_What the exercise asks_: Print only the lines below from the one with "Località Calma n." to the one with "La Corporación no", both included, exactly as they stand. Leave pictures out.

_Records provided_:

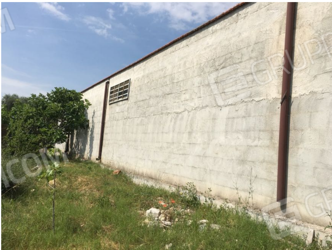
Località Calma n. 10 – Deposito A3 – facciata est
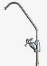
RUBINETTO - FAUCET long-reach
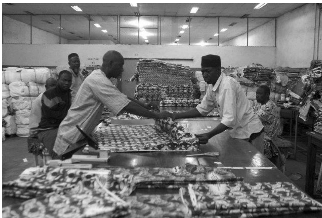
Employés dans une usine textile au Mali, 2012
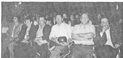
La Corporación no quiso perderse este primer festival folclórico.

--

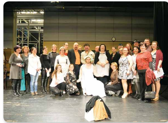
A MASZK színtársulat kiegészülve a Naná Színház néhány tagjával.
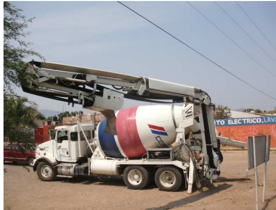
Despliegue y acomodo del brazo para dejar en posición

_Reply_:
Località Calma n. 10 – Deposito A3 – facciata est
RUBINETTO - FAUCET long-reach
Employés dans une usine textile au Mali, 2012
La Corporación no quiso perderse este primer festival folclórico.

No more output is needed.